EXERCISE REQUIREMENTS —
Print exactly and only the lines that run from the one containing "ผู้ใช้ TikTok @bebebell000" through the end of the material, please, omitting pictures.
▼▼▼
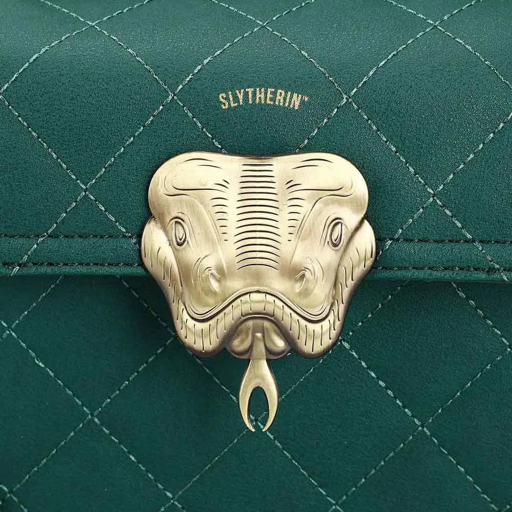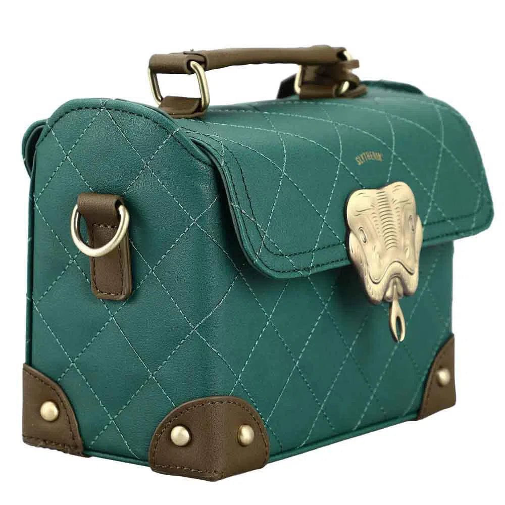 Harry Potter - Slytherin Mini Trunk Handbag - Bioworld Condition: New The Harry Potter - Slytherin Mini Trunk Handbag by Bioworld is a must-have accessory for fans of the wizarding world. Made from durable faux leather, this stylish handbag features the iconic Slytherin house design, making it a perfect addition to any Harry Potter collection. Whether you're a proud Slytherin or simply a fan of the series, this handbag brings a touch of magic to your daily style. With dimensions of 7.5" L x 5.9" W x 3.75" H, this mini trunk handbag offers a compact yet spacious design, ideal for carrying small essentials. It’s perfect for those who want to showcase their love for Slytherin while maintaining a sleek, fashionable look. The bag does not require any assembly, and it’s ready to use straight out of the box. Recommended for ages 13 and up, this handbag makes a great gift for Harry Potter fans or anyone who loves unique, fandom-inspired accessories. The faux leather material ensures durability while maintaining a premium look and feel, making it a long-lasting addition to your wardrobe. Whether for casual wear or special occasions, the Slytherin Mini Trunk Handbag adds a magical flair to any outfit.
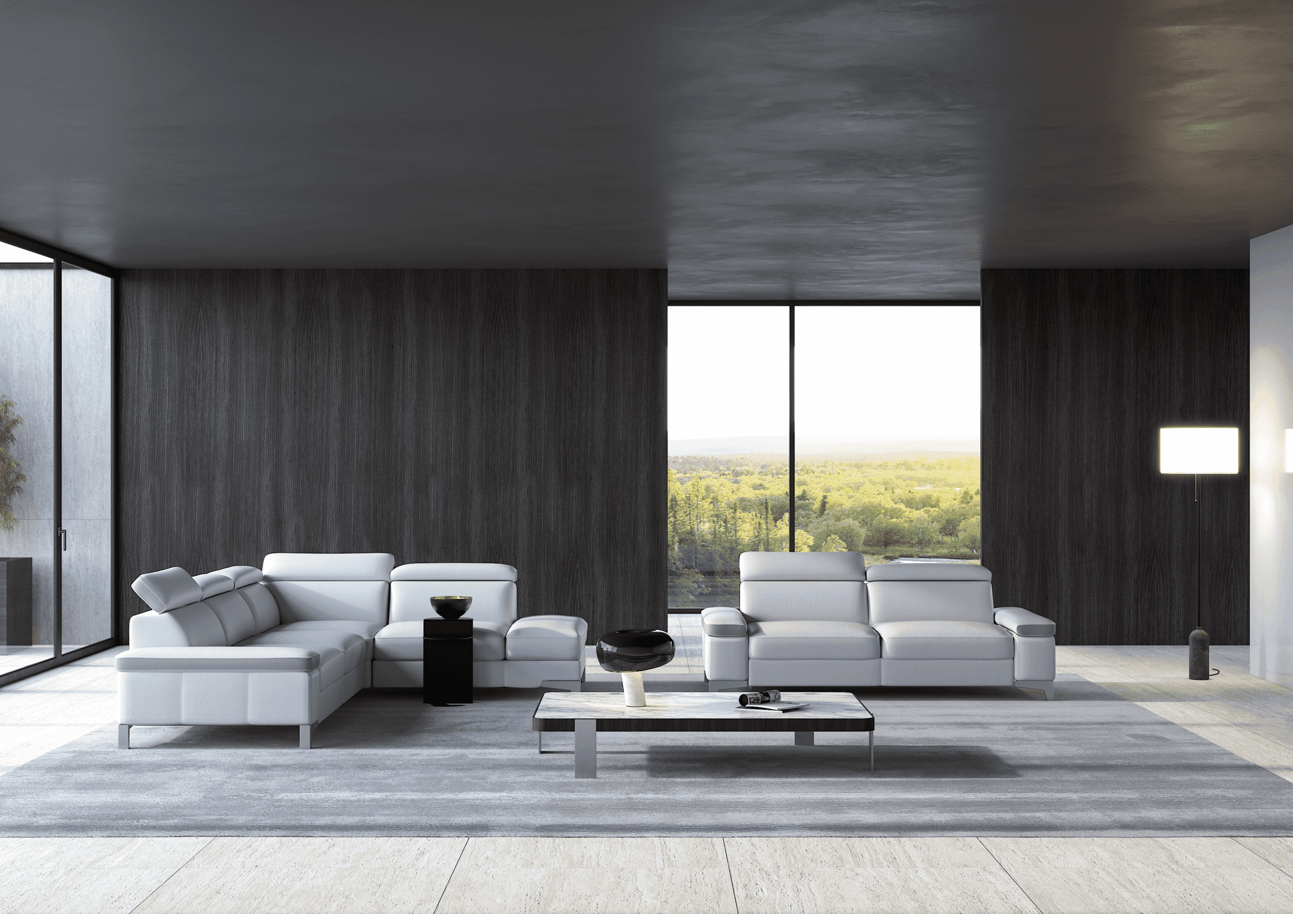 Verkrijgbaar in leder of stof, verschillende afmetingen en opstellingen, met of zonder relaxen
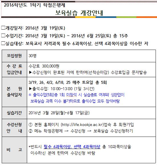 [2016학년도 1학기] 평생교육실습 수강신청안내
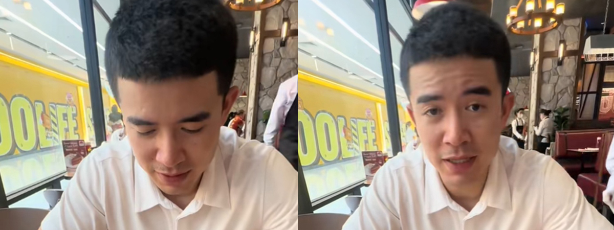 ผู้ใช้ TikTok @bebebell000 ได้เผยภาพหนุ่มพาสาวมาเดตที่ร้านสเต๊ก แล้วอยู่ในช่วงที่กำลังสารภาพรักกัน จับมือพร้อมขอเป็นแฟน ในจังหวะที่กำลังพูดความในใจอยู่นั้น ใบเสร็จอยู่ที่ใต้แขนของเธอ แล้วพนักงานเดินมาหยิบพอดี และเก็บใบเมนูไปด้วย โดนช็อตฟีลแบบถูกจังหวะ จนต่างพากันขำลั่นร้าน
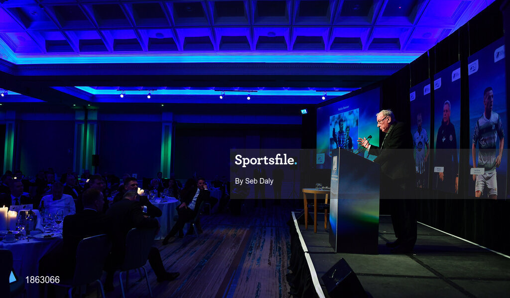 10 January 2020; Charlie Stuart speaking during the SSE Airtricity / SWAI Diamond Jubilee Personality of the Year Awards 2019 at the Clayton Hotel in Dublin. Photo by Seb Daly/Sportsfile
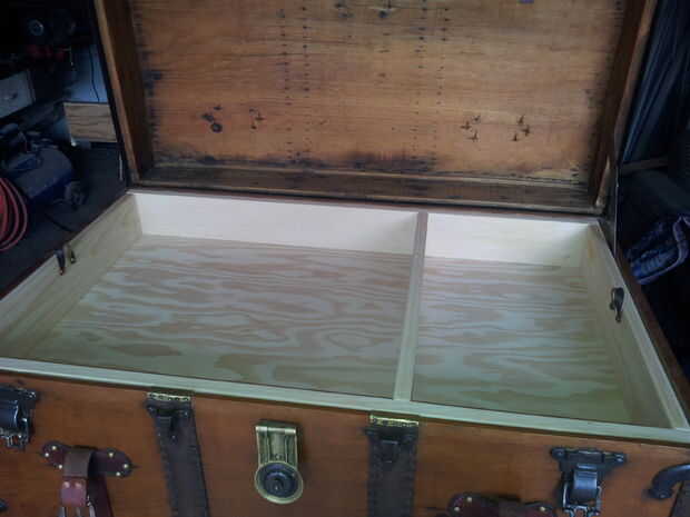 Si usted es afortunado, usted todavía tendrá la vieja bandeja que puede ser restaurada al igual que el resto del tronco. Desafortunadamente, la bandeja en mi tronco se había deteriorado totalmente y así que tuve que construir una nueva. He utilizado la bandeja vieja como plantilla y cortar un trozo de 1/8 madera contrachapada para la parte inferior, y algunos 1 x 4" pino para los lados. La imagen de abajo muestra la bandeja antes de la capa de cera de abejas, sin embargo, utilicé el mismo tres capas como utiliza en el resto del tronco para protegerlo. Por último, corté un dos 3 1/2 "x 3/4" piezas de cuero para actuar como tiradores para la bandeja luego los coloque en su lugar con tachuelas de latón de 1".
▲▲▲
SOLUTION TO THIS TASK —
 ผู้ใช้ TikTok @bebebell000 ได้เผยภาพหนุ่มพาสาวมาเดตที่ร้านสเต๊ก แล้วอยู่ในช่วงที่กำลังสารภาพรักกัน จับมือพร้อมขอเป็นแฟน ในจังหวะที่กำลังพูดความในใจอยู่นั้น ใบเสร็จอยู่ที่ใต้แขนของเธอ แล้วพนักงานเดินมาหยิบพอดี และเก็บใบเมนูไปด้วย โดนช็อตฟีลแบบถูกจังหวะ จนต่างพากันขำลั่นร้าน
 10 January 2020; Charlie Stuart speaking during the SSE Airtricity / SWAI Diamond Jubilee Personality of the Year Awards 2019 at the Clayton Hotel in Dublin. Photo by Seb Daly/Sportsfile
 Si usted es afortunado, usted todavía tendrá la vieja bandeja que puede ser restaurada al igual que el resto del tronco. Desafortunadamente, la bandeja en mi tronco se había deteriorado totalmente y así que tuve que construir una nueva. He utilizado la bandeja vieja como plantilla y cortar un trozo de 1/8 madera contrachapada para la parte inferior, y algunos 1 x 4" pino para los lados. La imagen de abajo muestra la bandeja antes de la capa de cera de abejas, sin embargo, utilicé el mismo tres capas como utiliza en el resto del tronco para protegerlo. Por último, corté un dos 3 1/2 "x 3/4" piezas de cuero para actuar como tiradores para la bandeja luego los coloque en su lugar con tachuelas de latón de 1".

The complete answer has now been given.